Hanzich v. Waterfront Commission of New York Harbor

286 A.D. 835 | N.Y. App. Div. | 1955

Peck, P. J.

(dissenting). This is an article 78 proceeding to review a determination of the Waterfront Commission denying petitioner’s application for registration as a longshoreman.

Petitioner had been convicted in 1948 of the crime of possessing goods stolen from a foreign shipment. He then left the waterfront and obtained a position as a building superintendent. He lost that job in 1951 and, being unable to find other employment, returned to the waterfront in 1951. Three years of Unquestioned work on the waterfront followed until February, 1954, when petitioner was denied registration as a longshoreman by the newly created Waterfront Commission.

Aside from this conviction, the record contains facts which would commend petitioner for favorable consideration and other facts which might be considered unfavorable. Had the commission’s denial of registration been based upon an indicated finding that all facts considered, including the conviction, it did not consider petitioner qualified and was therefore exercising its discretion in denying his application, I would not be able to say that its action was arbitrary and capricious, although frankly this petitioner enlists my sympathy. It does appear, however, that the hearing officer of the commission and the commission itself gauged its consideration of the case and conclusion to ■•.tandards of qualification for pier superintendents and hiring agents rather than to standards set for longshoremen. It is not clear that if the commission had viewed petitioner’s application in proper perspective it would have denied the application. I think, therefore, that the determination of the commission should be annulled on the law and the matter remitted to the commission for further determination in accordance with proper standards.

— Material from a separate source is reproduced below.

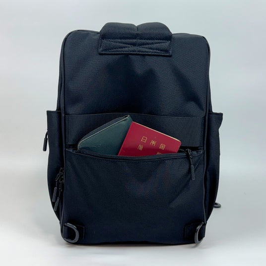 一方、ブランドロゴの付いた前面側には、大きめのファスナーポケットを配置。

The difference between the standard to be applied to a longshoreman and a pier superintendent or hiring agent may be a nice one, but it is one of substance and of sufficient importance that the Legislature understandably drew a distinction between longshoremen and supervisory personnel. In the case of longshoremen, conviction of a crime is ground for the exercise of discretion upon the part of the commission in denying an application for registration. In the case of a pier superintendent or hiring agent, conviction of a crime within a period of five years is a disqualification, with a discretion in the commission to waive or remove the ineligibility upon a finding that the applicant has submitted satisfactory evidence that he has for a period of not less than five years so conducted himself as to warrant a grant of such a license.

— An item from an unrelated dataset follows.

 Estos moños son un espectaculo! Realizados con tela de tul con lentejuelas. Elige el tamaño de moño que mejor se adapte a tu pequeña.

The difference is that in the latter ease the disqualification upon conviction is positive and automatic and the burden is upon the applicant to show convincing ground for removing the disqualification. In the case of a longshoreman, however, conviction of a crime is not a disqualification but merely a factor to be taken into consideration in the exercise of the commission’s discretion in granting or denying registration. In the findings of the hearing officer in the present case, the hearing officer reported after summarizing the evidence — The evidence produced by the applicant is insufficient to justify the Commission in waiving his statutory disqualification. It is recommended, tnerefore, that his application be denied.” There was no statutory disqualification.

Clearly, although unwittingly, the hearing officer was imposing upon petitioner the test for a pier superintendent or hiring agent. He was placing upon petitioner a higher burden than the law required. This error was also reflected in the order of the commission. It does not seem to me that we would be justified in saying that the action of the commission would have been the same had the *837proper standard been observed. It would be an affront to the law, carefully delineated, to assimilate tests and standards and definitions of discretion which for recognizable reasons were intended to be different. It would likewise be grossly unfair to the individual who might pass a lesser test although failing the higher one. I therefore dissent and vote to annul the order appealed from and remand the matter to the commission for further consideration.

Cohn, Callahan, and Breitel, JJ., concur in decision; Peek, P. J., dissents in opinion in which Rabin, J., concurs.

Determination confirmed, with $50 costs and disbursements to the respondents, and the petition dismissed.